Systems of insight have full-stack ownership of data, from generation to visualization - and all the steps between. In order to achieve this while also executing on the findings, the multi-disciplinary teams will need a wide range of skills: business, technology and analytics.

The insights team should not be dependent on your development department, but rather fused with it. Rather than having separate teams for insights and dev, there is only one around a single topic. Having all the necessary skills in a single team enables them to move significantly faster. Deloitte calls these ‘purple teams’: teams which have combined business and technical talent to deliver analytics edge ("The key to delivering analytics advantage: Your people" ,Deloitte, 2017, p. 21).

“If you say you’re data-driven, but everything has to go through an analyst, you’re not actually data-driven”

-Fareed Mosavat, Group Product Manager at Slack

Speed is key, and a centralized analytics team creates bottlenecks. Not everyone needs to be a data scientist, but the organizations who win will have made data and analysis accessible for everyone. This holds true especially in smaller teams.

In the Lean Startup methodology, one interesting idea is to have ‘Validated’ as step in the ‘definition of done’ (The Lean Startup, p.138). The point is to ensure all stories that are done with the intention to improve the product also have a mandatory validation step before they can be signed off. This fits extremely well with the thinking of systems of insights and cross-functional teams that are responsible for the full insights-to-execution process.

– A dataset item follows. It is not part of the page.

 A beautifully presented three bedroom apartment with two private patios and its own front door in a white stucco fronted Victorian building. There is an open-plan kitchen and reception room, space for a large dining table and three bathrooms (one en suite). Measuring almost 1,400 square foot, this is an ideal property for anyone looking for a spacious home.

(Figure 2: The Lean Startup methodology, adapted from theleanstartup.com)

It is all about continuous learning: you act with an assumption, test it, learn and form new assumptions. If you are not measuring the impact of your work, you are not learning, but hoping. On page 126 in the book, Erik Ries gives an example about a team that is not producing results. In the example, the management concludes that the team was not working hard enough, although the problem was that the process the development department was expected to follow did not enable learning to take place.

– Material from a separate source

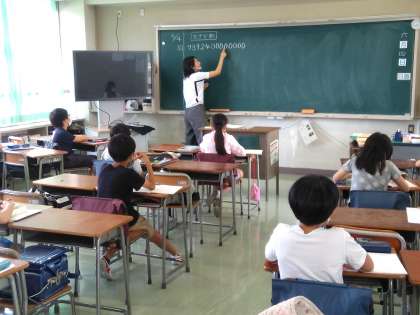 算数では、「大きな数」の復習に取り組み、一の位から順に4つの数字で区切ると分かりやすいことを確かめました。

An insights platform for long-term success

Although data is a critical component, surprisingly the battle isn’t about who has the best data. In an interview, Lori Sherer (Bain & Company, 2017) points out that more data isn’t always better and goes on to say that “a simpler solution that is designed with the end users in mind is going to win out 100% of the time”. Her point is that while data is powerful and access to it can give an edge over a competitor, it ultimately comes down to your ways of working. Approaching customers’ needs in an analytical way is the winning component, not having the best data to support it. This doesn’t mean you shouldn’t go after good data. It means you are not necessarily doomed if the data you have access to is inferior to your competition, as long as your ways of working are more customer and goal oriented.

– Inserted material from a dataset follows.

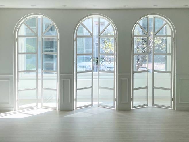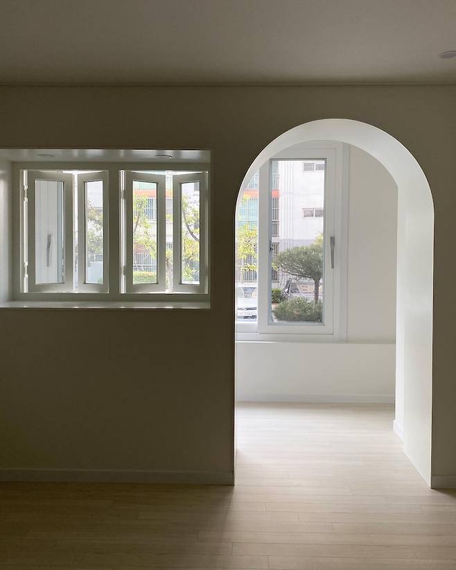 거실은 확장인 듯 아닌듯한 느낌으로 중간에 아치문 3개를 넣었어요. 다 열고 있어도 예쁘고 닫고 있어도 예쁘더라고요. 아치문의 유리는 강화유리로 넣었어요. 모든 샤시의 이중유리는 투명/투명으로 했어요. 보통 투명/그린으로 되어있어서 창문 쪽 사진 찍으면 더 푸르등등하게 나오더라고요. 투명/투명으로 했어도 아예 푸른빛이 없진 않네요.

We engineers often think of the technical solution first, but the insights stack should be focused on only once the ways-of-working are in place, There’s plenty of technical work when building an insights platform that has the speed and flexibility to support all business needs. Having those needs in mind will ensure that the right thing is built. A very brief generalization is depicted in Figure 3.

(Figure 3: A generic analytics stack with some example AWS technologies)

While developing machine-learning algorithms can seem like the most important task to produce value, the foundations and enablers to do so are actually laid out much earlier. By storing all data in its raw format, by creating convenient pre-processing flows and ensuring data quality stays good likely have a higher impact on the end result than endlessly polishing a neural network.

First party data - the kind that you create and no-one else has - is what most likely makes you different from the rest. If you have access to second or third party data, so will others. Enriching your first party data can be important, as it might enable you to find insights otherwise invisible to you. Think of how different industries use the product differently and how it might be difficult to see that, unless you have access to that meta-information.

Has access to all (relatively) latest data through a robust ingestion and storing process
Enables joining all data in any format effortlessly, even if the data is imperfect
Allows changes in schema easily through e.g. virtualization
Exposes analytics with production-ready interfaces
Respects users’ privacy while not compromising quality

The most interesting question to start with is: "How will the insights stack support my business?" For example, if your end goal is to plug in insights components to your SaaS product for your customers to see, and you anticipate these components to need to do heavy computing on massive volumes of real-time data, then the stack you will need to create is very different from if you only need to do back-office analysis and you know you will do just fine with a data lag of one day.

Final words

Companies can fail to reap the benefits of analytics, since

Analytics is a support function, not a function that sits in the leadership table.
Analytics is separated from business processes, when it should be tightly embedded in them.
Analytics stack is under-resourced and inflexible, unable to meet changing needs.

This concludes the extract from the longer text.